Give API Gateway permission to run the function, by
specifying the principal and source_arn. The API Gateway
Documentation was helpful in determining its ARN.
data "aws_caller_identity" "current" {}
resource "aws_lambda_permission" "apigw_lambda" {
statement_id = "AllowExecutionFromAPIGateway"
action = "lambda:InvokeFunction"
function_name = aws_lambda_function.lambda.function_name
principal = "apigateway.amazonaws.com"
source_arn = "arn:aws:execute-api:${var.region}:${data.aws_caller_identity.current.account_id}:${aws_api_gateway_rest_api.sns-proxy.id}/*/${aws_api_gateway_method.sns-ingest.http_method}${aws_api_gateway_resource.sns-ingest.path}"
}
data "archive_file" "lambda" {
type = "zip"
output_path = "lambda.zip"
source_file = "lambda.py"
}
resource "random_password" "github-secret" {
length = 32
}
resource "aws_lambda_function" "lambda" {
filename = "lambda.zip"
function_name = "webhook-sns-publish"
handler = "lambda.handler"
runtime = "python3.8"
role = aws_iam_role.assume-lambda.arn
environment {
variables = {
"GITHUB_SECRET" = random_password.github-secret.result
"TOPIC_ARN" = aws_sns_topic.topic.arn
}
}
source_code_hash = data.archive_file.lambda.output_base64sha256
}
Lambda Function
This is a minimal to check the signature and, if valid, publish the payload to the SNS topic.

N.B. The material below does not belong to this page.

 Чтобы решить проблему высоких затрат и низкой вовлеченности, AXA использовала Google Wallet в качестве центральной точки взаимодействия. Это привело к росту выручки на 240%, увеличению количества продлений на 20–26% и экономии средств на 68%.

According to their developer documentation,
GitHub generates a signature by “using a HMAC hex digest to compute the
hash” using the secret token and the payload of the webhook it is sending.

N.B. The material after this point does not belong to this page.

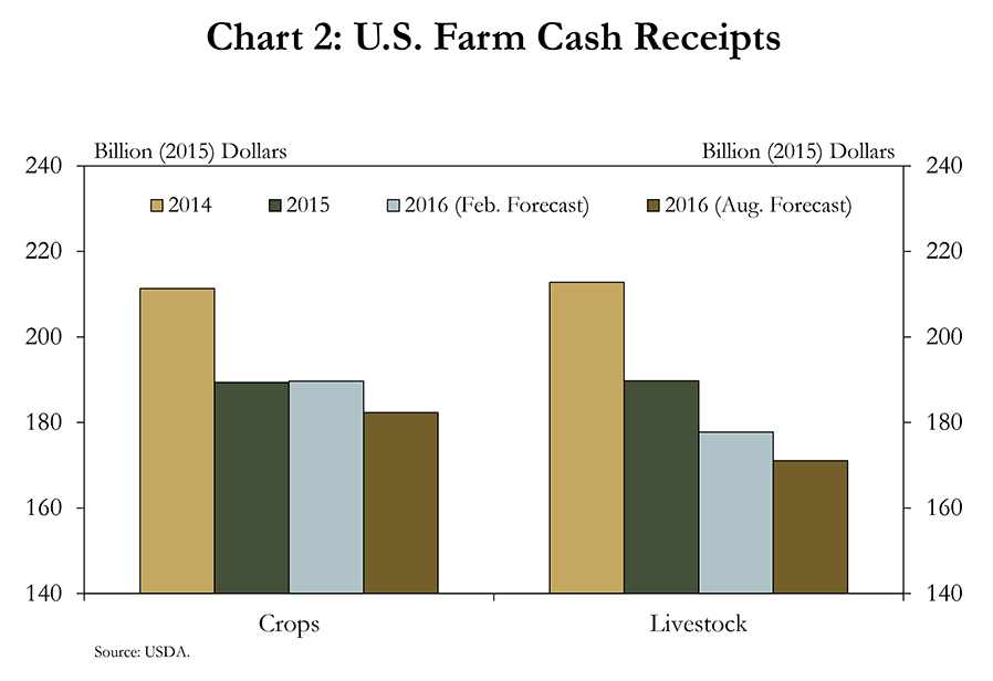 In August, expectations for 2016 farm income were revised up modestly from the February forecast, but income was still expected to decline notably from a year ago. The U.S. Department of Agriculture’s August revision can be interpreted as both positive and negative for the farm sector. On the positive side, farm income expectations for 2015 and 2016 were revised up by 43 percent and 31 percent, respectively (Chart 1). On the negative side, however, the expected decline in farm income from 2015 to 2016 widened from 3 percent earlier in the year to 11 percent in the most recent report. Essentially, farm income was higher than initially forecasted, but the deterioration from a year ago is now believed to be sharper than expected.

This hash is sent in the X-Hub-Signature-256 header. To validate it,
we do the same computation with the secret token and the received payload
and check to see if the resulting hash is the same.
Publishing to the topic uses the boto3 library to submit the necessary parameters to the SNS API.
import os
import boto3
import botocore
from json import dumps
from hashlib import sha256
from hmac import HMAC, compare_digest
def handler(event, context):
if verify_signature(event["headers"], event["body"]):
if publish_sns(event["body"]):
return respond("Success")
else:
return respond("Failed", 500)
return respond("Forbidden", 403)
def respond(message, code=200):
return {"statusCode": code, "body": dumps({"message": message})}
def publish_sns(message):
try:
arn = os.environ.get("TOPIC_ARN")
client = boto3.client("sns")
response = client.publish(
TargetArn=arn,
Message=dumps({"default": dumps(message)}),
MessageStructure="json",
)
except botocore.exceptions.ClientError as e:
print(f"ClientError: {e}")
return False
else:
return True
def verify_signature(headers, body):
try:
secret = os.environ.get("GITHUB_SECRET").encode("utf-8")

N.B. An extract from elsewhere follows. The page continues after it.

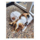 Un chat calico serein confortablement enroulé sur un sol à motifs de mosaïques dans une ambiance cosy. Les tons et les textures chaudes créent une scène paisible et artistique, parfaite pour les amateurs de chat et d'art.

received = headers["X-Hub-Signature-256"].split("sha256=")[-1].strip()
expected = HMAC(secret, body.encode("utf-8"), sha256).hexdigest()
except (KeyError, TypeError):
return False
else:
return compare_digest(received, expected)
GitHub Webhook
Finally, manage a webhook on the specified GitHub repository, setting
the url to the API endpoint and supplying the shared key as secret.
data "github_repository" "repo" {
full_name = "exampleorg/reponame"
}
resource "github_repository_webhook" "webhook" {
repository = data.github_repository.repo.name
events = ["push"]
configuration {
url = "https://${aws_api_gateway_rest_api.sns-proxy.id}.execute-api.${var.region}.amazonaws.com/${var.environment}${aws_api_gateway_resource.sns-ingest.path}"
secret = random_password.github-secret.result
content_type = "json"
}
}
Conclusion
The whole time I was building and testing this, I kept thinking to myself, “I must be overlooking a more obvious solution.” I’ve asked around, and it seems that others have also run into this issue, but ended up using a different approach that didn’t involve authorization. If you know of a better/different solution, please reach out!
I plan to flesh this out and create a terraform module out of it, as I expect I will want to use this pattern in other places.